((

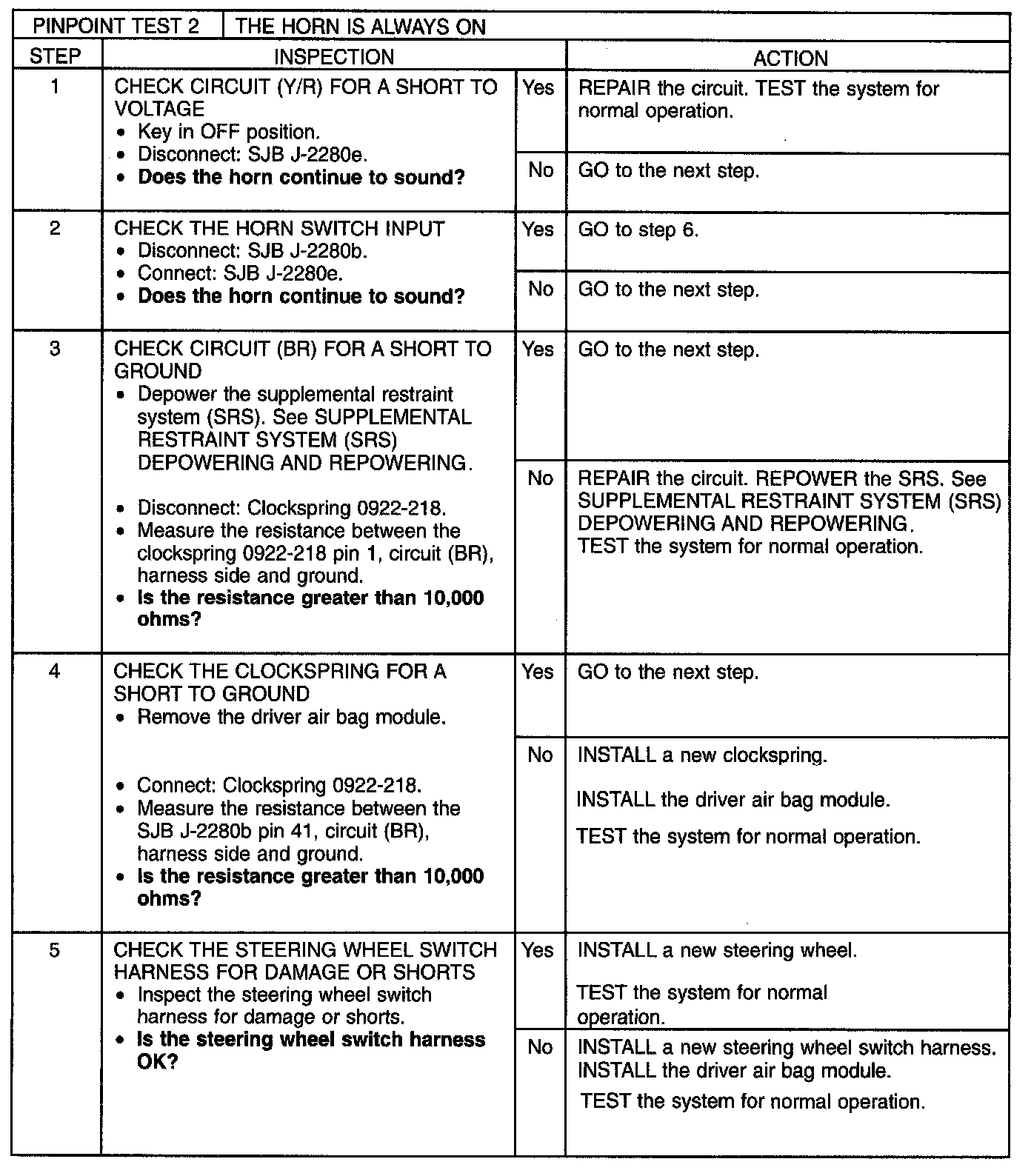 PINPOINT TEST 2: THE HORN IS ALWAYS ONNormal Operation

))
((

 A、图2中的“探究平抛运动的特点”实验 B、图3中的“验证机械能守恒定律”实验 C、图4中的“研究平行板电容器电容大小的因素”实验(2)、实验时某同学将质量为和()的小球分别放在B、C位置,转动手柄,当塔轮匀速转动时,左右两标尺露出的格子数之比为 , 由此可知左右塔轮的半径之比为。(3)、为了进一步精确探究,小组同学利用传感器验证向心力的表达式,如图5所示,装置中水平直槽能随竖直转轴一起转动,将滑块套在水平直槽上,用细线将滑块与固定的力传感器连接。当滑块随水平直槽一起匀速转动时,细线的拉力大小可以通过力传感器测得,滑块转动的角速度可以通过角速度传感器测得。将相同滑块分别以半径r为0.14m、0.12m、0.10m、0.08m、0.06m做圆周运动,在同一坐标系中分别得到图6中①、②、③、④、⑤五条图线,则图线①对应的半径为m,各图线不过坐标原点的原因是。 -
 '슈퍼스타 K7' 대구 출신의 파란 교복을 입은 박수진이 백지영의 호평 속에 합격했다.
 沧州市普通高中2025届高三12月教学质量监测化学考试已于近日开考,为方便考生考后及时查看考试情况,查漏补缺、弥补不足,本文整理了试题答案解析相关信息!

))

■ Work required
Look above for the line with "호평 속에 합격했다." and the line with "沧州市普通高中2025届高三". Write out those two lines and all the lines between them, exactly, and no others.

■ Your solution
 '슈퍼스타 K7' 대구 출신의 파란 교복을 입은 박수진이 백지영의 호평 속에 합격했다.
 沧州市普通高中2025届高三12月教学质量监测化学考试已于近日开考,为方便考生考后及时查看考试情况,查漏补缺、弥补不足,本文整理了试题答案解析相关信息!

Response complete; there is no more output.